Kızı Elif şimdi öğretmen. Aradan yine yıllar geçer. Yine köyde karşı karşıya gelir Elif kız ile polis amcası Kemal.
--Kemal amca sana bir şey sorabilirmiyim
--Sor kızım
--Babamın Elif diye sayıkladığı kimdi
--Sendin kızım
--Yok Kemal amca ben artık çocuk değilim
Ben ta o zaman çocuk aklımla bir şeyler sezmiştim
Hem senin de çok iyi bir arkadaşı olduğunu öğrendim
Aranızda öyle bir bağ vardı ki
Ölürken bile senin ve Elif diye birinin ismini sayıkladı
Şimdi ne yapsın Kemal amca. Çocukcağız babasını öğrenmek istiyor. Bütün gerçekleri anlatsa bir türlü, anlatmasa bir türlü. Karşısında ki pırlanta gibi kızcağıza bakıyor. Bir de yeni evlenmiş. Evlendiği çocuk da doktor. Onun da yüzünden belli oluyor pırlanta gibi olduğu. Düşünürken..

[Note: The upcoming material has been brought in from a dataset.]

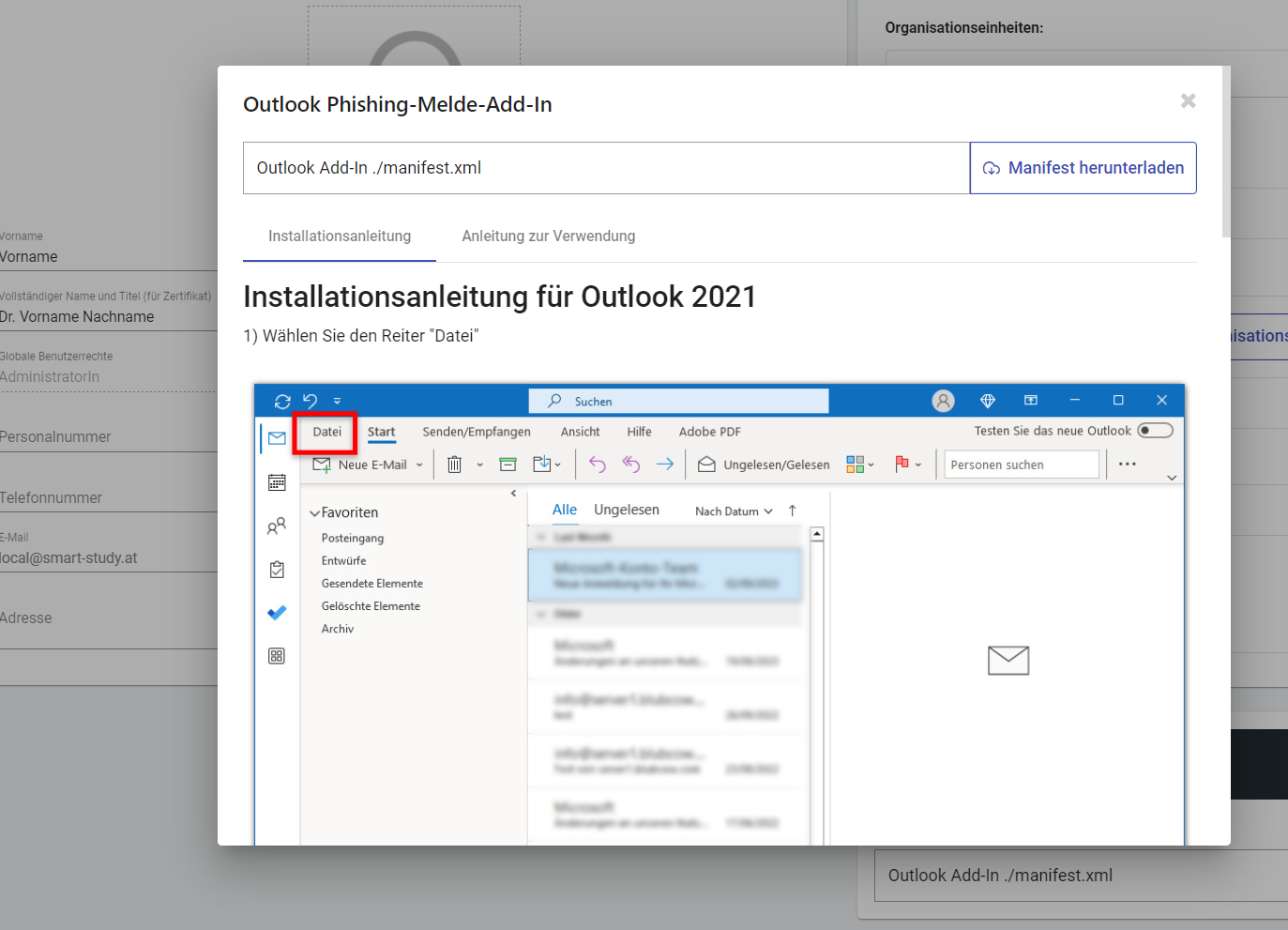 Wenn Sie das Manifest heruntergeladen haben, müssen Sie Ihr Outlook öffnen. Die weiteren Schritte werden in Installationsanleitung-für-Outlook-2021 beschrieben.

--Hadi Kemal amca neden susuyorsun
--Ah be kızım sen de aynı baban gibisin
--Nasıl yani
--Çok soru soruyorsun
--Ama öğrenmek benim hakkım değil mi
--Bak kızım değişen hiç bir şey yok
Hayat devam ediyor
Senin mutluluğun için geçmişler bende kalsın
--Aaa aşk olsun Kemal amca
--Zamanı gelince anlatırım elbet
--Ne zaman
--Zamanı gelince dedim ya
Aslında anlatmak istemiyordu. Çünkü Elif'in mutluluğunu düşünüyordu. Geçmiş onu mutsuz edeceğini biliyordu. Ne zaman ana olur evlat sevgisi yüreğine dolar belki o zaman diye düşünüyordu. Halen de anlatmamıştı. Belki de emekli yaşlı Polis Kemal amca anlatmak istemiyordu. Bazı acı gerçekler saklı kalmasında fayda vardır. Geçmişi deştikçe altından kimbilir neler çıkar. Bu zamana yansıması nasıl olur. Hem bu zamanın insanları bunları kaldırabilecek durumda mıdır. Bakalım sonu ne olur. Anlatsın mı anlatmasın mı. Bu hususta bilimsel olarak bilgisi olan varsa birazcık anlatsın.
Belki çaresini buluruz.
HOŞÇAKLIN
29 yılın anısına. Meslekte 29 yıla girdim. Elif kız da 29 yaşında. Polis amcam da rahmetli oldu. Anılar şimdi bende saklı. Ben anlatsam olur mu ? En iyisi anlatmayayım.